Saturday, March 12, 2016

Zoo, Season 1, Episode 1: First Blood



This pilot splits us into two storylines

Firstly we have Jackson Oz who leads safaris in Botswana. His dad was a famous professor, Robert Oz, who theorised that animals would rise up (involving a “defiant pupil”) and kill off humanity because humanity was doing such a shit job of looking after the planet that they weren’t going to die out because we couldn’t maintain a stable ecosystem. He committed suicide and was widely discredited and, presumably, his ghost is out there somewhere being enormously smug. I rather think smug ghosts would be more annoying than poltergeists

Anyway, Jackson and his friend Abraham are leading safaris when the Ominous happens. I give props for giving us lots of very spooky and ominous lead ins without dragging it out too far. After all, anyone watching this show knows the premise: animals rising up to kill people. When people go missing on a safari, it’s not exactly rocket science to figure out what happened. So points for raising tension and not dragging it out to the point where I’m yelling “A lion better eat someone soon!”

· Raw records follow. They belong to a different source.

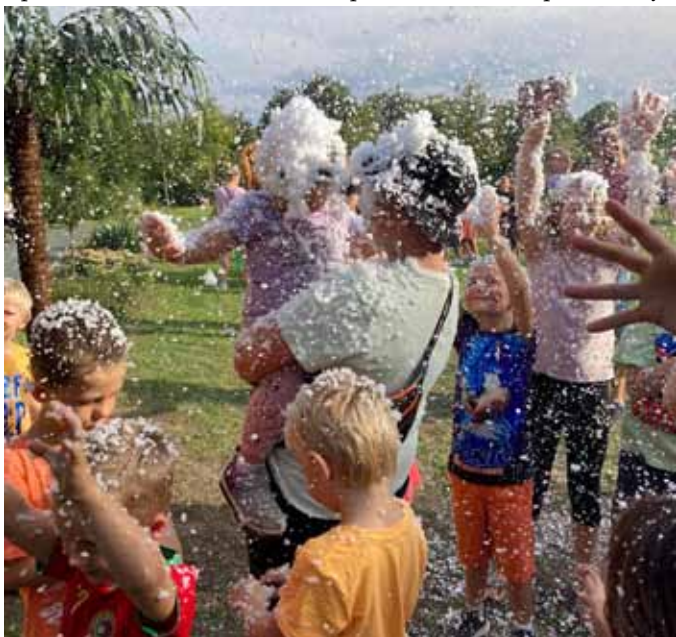
Letní sněhová vánice

Protože vranovickým dětem se nástup do školy o dva dny odložil a do toho vstoupil víkend, proběhlo rozloučení s prázdninami v sobotu 3. září v parku za Domem pro seniory.
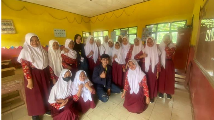
Gambar 2.11 Foto bersama anak kelas 5 SDN 13 Sumber Jaya
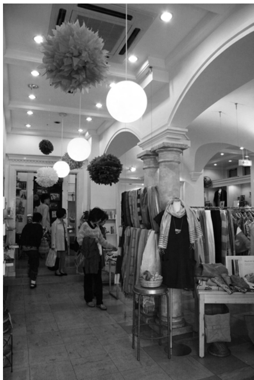
店舗内装も華やいだ雰囲気を演出
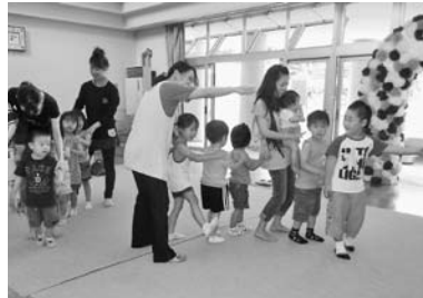
— くぜ幼稚園 —
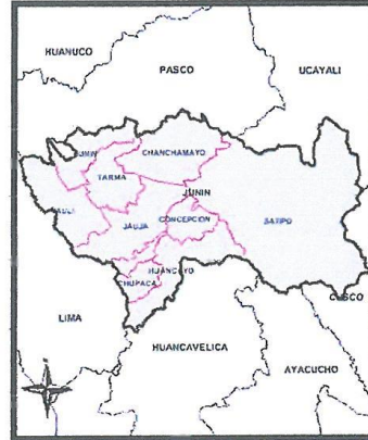
DEPARTAMENTO DE JUNIN
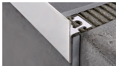
ACIER INOX AISI 304/1.4301-V2A SATINÉ avec film de protection longueur b. 2,7 ML - cond. 15 Pces - 40,5 ML
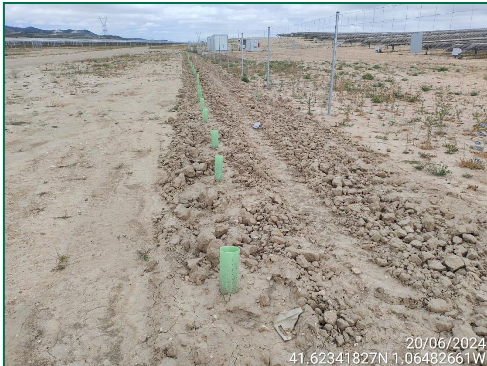
Fotografía 17. Plantación de olivos, retamas y romeros.
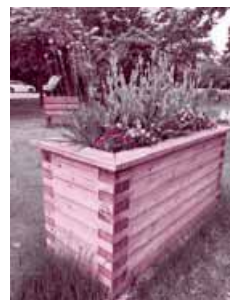
聖籠緑地の立ち上がり花壇

地域コミュニティの緑化活動などに参加すると、ご近所づきあいや多世代交流が生まれ、自然な会話のきっかけにもなります。学校の花壇づくり、公園の草刈りなどがあれば、足を運んでみてください。最近は、腰をかかめずに作業できる立ち上がり花壇も増えてきました。花がきれいに咲いている地域は、人の目が行き届いているサインになり、防犯意識の向上にもつながります。
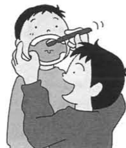
[101] 正面から介助みがき3
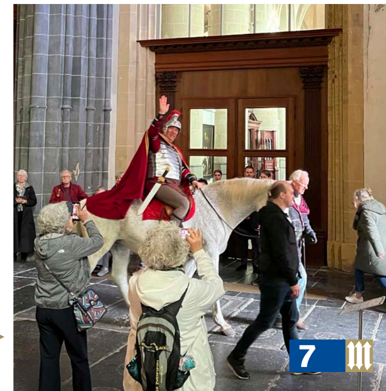
Een paard in de Martinikerk, foto: Jan Haak ►

Nieuw in 2023 was de ontvangst in de Martinikerk op 11 november van de lopers van de Gulden Martinusweg die op 1 november aan hun tocht vanuit Utrecht waren begonnen. Samen met de lopers van het Pronkjewailpad en de kinderen met hun lampions, begeleid door Sint Martinus te paard, bood deze optocht echt een fantastische aanblik.
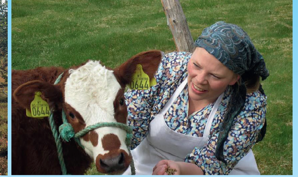
Seterdrift på Roknesvollen
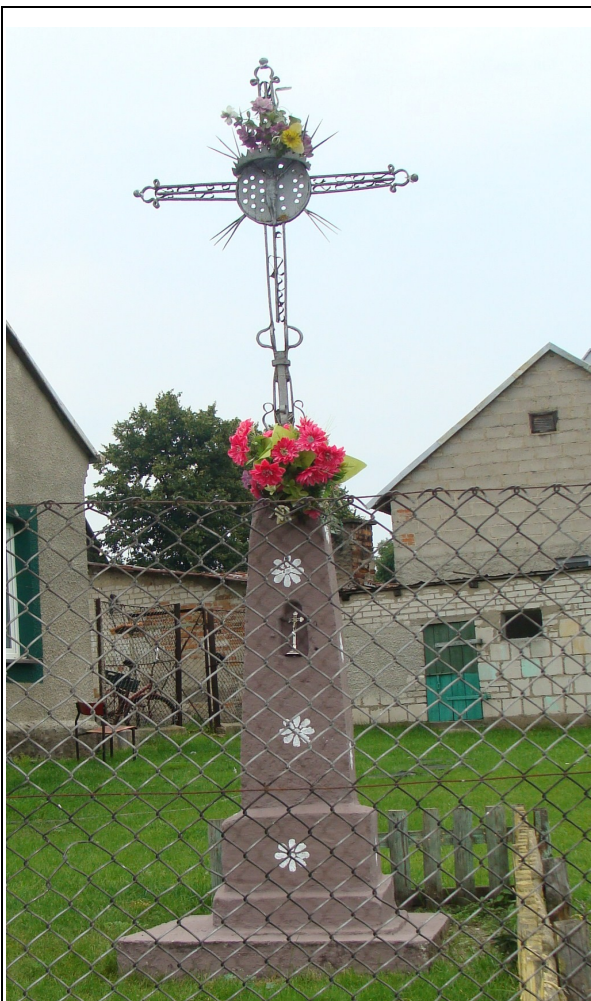
Rysunek 6: Krzyż przydrożny - Smolany-Żardawy
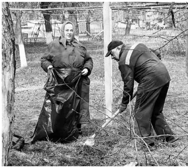
• Местные жители улицы Мичурина вышли поддержать субботник
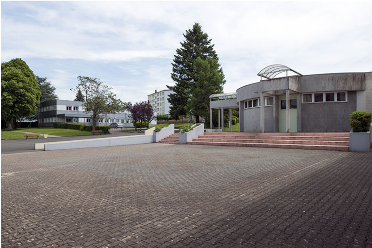
La cour et vue sur l'administration à l'est.
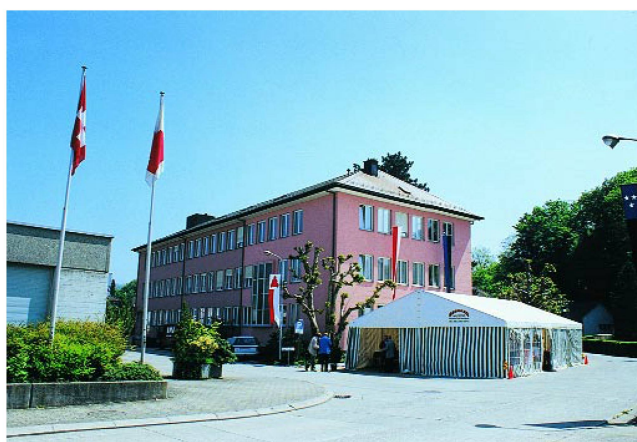
Le calme avant la tempête.

Herbert Odermatt était présent avec sa caméra.
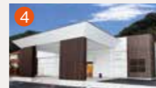
4 東長崎メモリードホール 長崎市東町1940
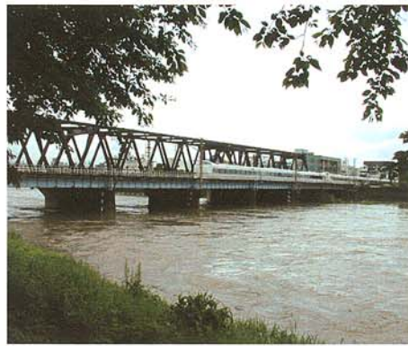
※桁下約2mまで水位が上昇しました。
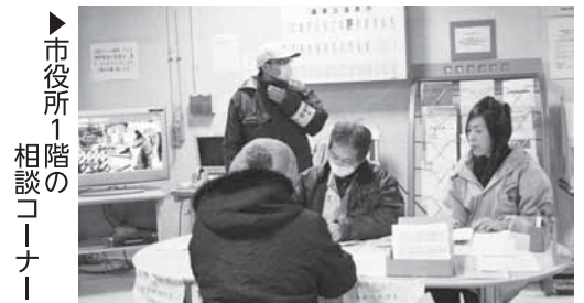
▶市役所1階の相談コーナー
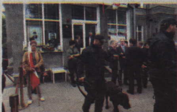
Przed przyjazdem Prezydenta RP okolica kwidzyńskiej siedziby Solidarności została dokładnie sprawdzona.
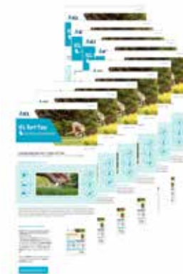
Newsletter mensile (+del 30% di open rate)
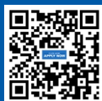
电子科技大学 在线申请平台
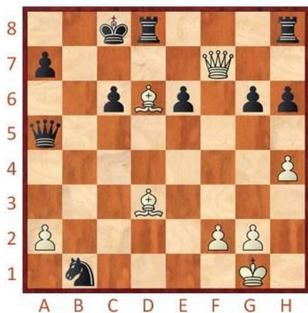
Bílý na tahu
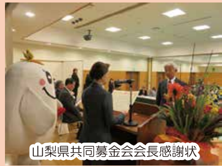
山梨県共同募金会会長感謝状
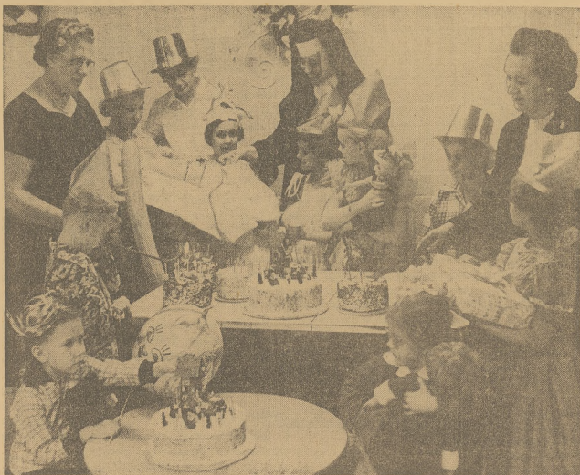
(Czartory Miłanowce Semelot)

Rocznie urodzin w sierocińcu św. Józefa często przypadają. Ostatnio 10 sierot obchodzilo rocznicę urodzin i dlatego też Stow. Polek Opiek nad Sierotami urządziło przyjęcie.
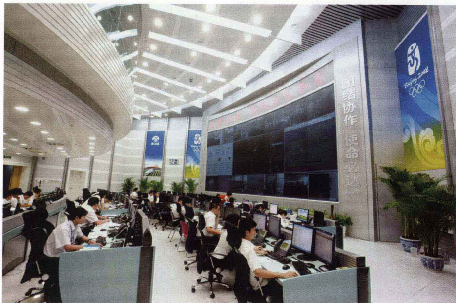
2008年北京奥运保障期间的北京首都国际机场运行控制中心
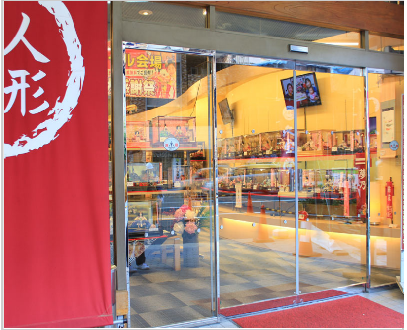
日式傳統人形紙，一套要價上萬元，可不便宜啊！
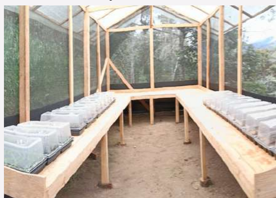
Viveros modelo Guamuez
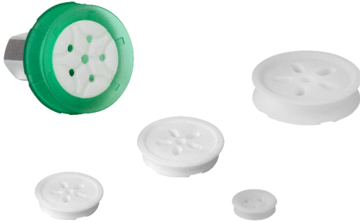
Inserts de ventouse SPI (pour SPB1)
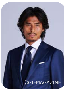
なかざわ ゆうじ 中澤 佑二さん (サッカー)
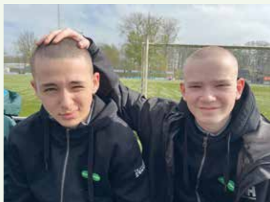
Louis Nielsen i Kolding havde beriget os med flotte, flotte hoodies, der stadig bliver båret med stolthed i både skole og til kampe.

Nyt udebanesæt fra IP Nordic – vi ser godt ud i blå!
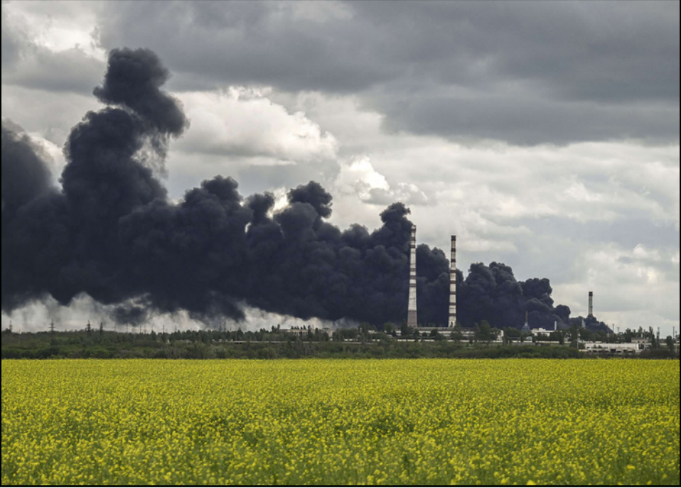
دخان يتصاعد من مصفاة نפט على حدود مدينة ليسيتشانسك في منطقة دونباس بعد هجوم روسي

على المدينة، “ستتم إعادتهم إلى بيوتهم”، في إشارة إلى مناقشات جارية مع فرنسا وتركيا وسويسرا حول هذا الموضوع.
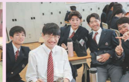
いい笑顔でポーズ!
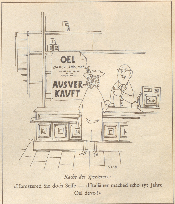
Rache des Spezierers: «Hamstere Sie doch Seife — dItaliäner mached scho syt Jahre Oel devo!»
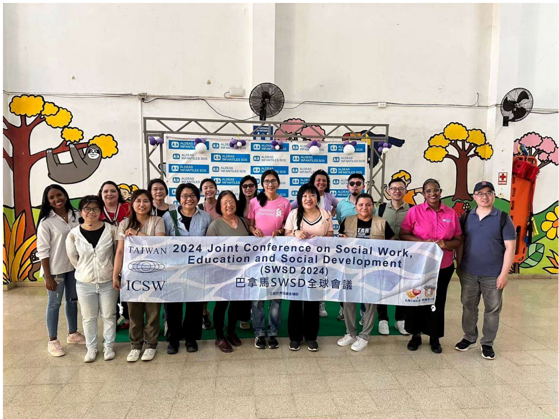
圖6：台灣代表團參訪 SOS 兒童村，與工作人員合影。

Which is what happens, the lions have eaten everyone except tourist Chloe and are now stalking them – they seem to get Abraham

I admit, this annoyed me muchly – I did a double take to see if they were really going to kill off the pilot’s most prominent POC so soon – but it turns out he’s only injured (and he’s credited for 15 episodes so I guess he lives and has just been temporarily plot boxed). This leaves Chloe (who conveniently drops into the conversation that she’s single, just in case we were worried we wouldn’t have straight romantic tension at the end of the world) and Jackson running away from lions in lots of tense, but good action scenes. Jackson also gets to tell us about his dad.

He ends up being arrested because earlier he meddled with a hunt. I suspect human authorities arresting him won’t be top of anyone’s priority list soon.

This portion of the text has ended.